Romanian phishing scam suspect pleads guilty

Ovidiu-Ionut Nicola-Roman of Romania pleaded guilty to conspiracy to commit fraud in U.S. District Court in Bridgeport, admitting to participating in the scheme.

Authorities accuse the defendants of stealing names, Social Security numbers, credit card data and other information from Internet users. Federal indictments allege the Romania-based phishing scams sought to rip off thousands of consumers and hundreds of financial institutions.

Prosecutors estimate that Nicola-Roman was responsible for more than $400,000 in thefts. He faces a prison term of 46 to 57 months and possible fines and restitution payments when he is sentenced Oct. 10.

His lawyer, Ronald Resetarits, declined to comment after the plea.

Nicola-Roman still faces similar federal charges in California, where most of the defendants were indicted.

The practice known as phishing typically involves sending fraudulent e-mails that include links directing recipients to fake Web sites, where they are asked to input sensitive data.
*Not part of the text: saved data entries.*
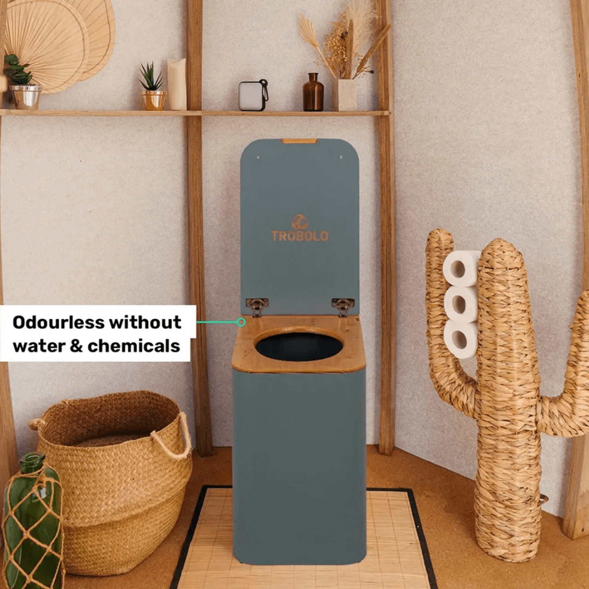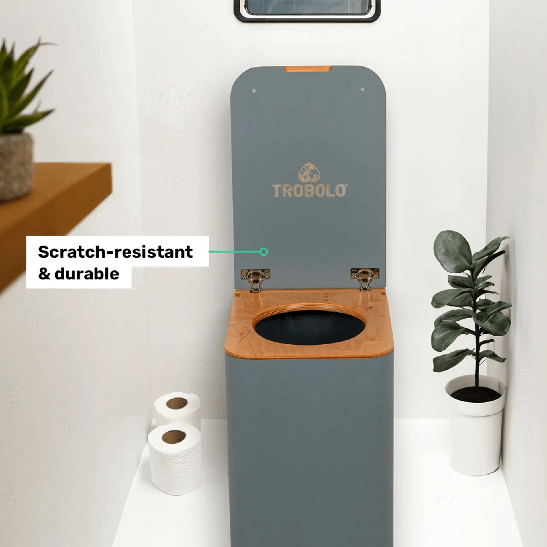 TROBOLO SilvaBlœm je prémiová separační toaleta z evropského dřeva, která v sobě spojuje přírodní estetiku, vysoký komfort a ekologický provoz bez vody a chemikálií. Tato plně soběstačná kompostovací toaleta je dostupná v moderním šedém provedení s odolným HPL povrchem, který zaručuje ochranu proti vlhkosti, poškrábání i otiskům prstů. Je ideální do zahrad, rekreačních domků, tiny houses, karavanů i obytných vozů.
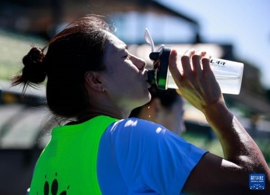 4月26日,中國(guó)女曲隊(duì)球員谷丙鳳在集訓(xùn)間隙補(bǔ)充水分。新華社記者 馬平 攝
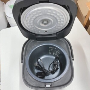 お預かりした炊飯器は、外観に大きな傷や割れは見られませんが細かい傷があり、内釜には軽度の使用感はあるものの、コーティングの剥がれや深い傷はなく、炊飯性能に影響するダメージは確認されませんでした。動作確認では炊飯・保温ともに問題なく、電源コードも付属しており、すぐに再利用可能な状態でした。

Phishers may also include attachments that, when clicked, secretly install "spyware" that can capture personal information and send it to third parties over the Internet.

More than half the people charged are Romanian, although the alleged scam also operated from the United States, Canada, Portugal and Pakistan. The cases were linked by two Romanians who participated in both schemes, authorities said.

Prosecutors say phishers based in Romania snagged information about thousands of credit and debit card accounts and other personal data from people who answered spam e-mail. The data were then sent to the U.S. and encoded on magnetic cards that could be used to withdraw money from bank accounts.

In Connecticut, seven Romanians allegedly spammed consumers with directions to visit a hacked-in Web site posing as at least a half-dozen legitimate bank sites, including Citibank, Wells Fargo and eBay Inc.-owned PayPal.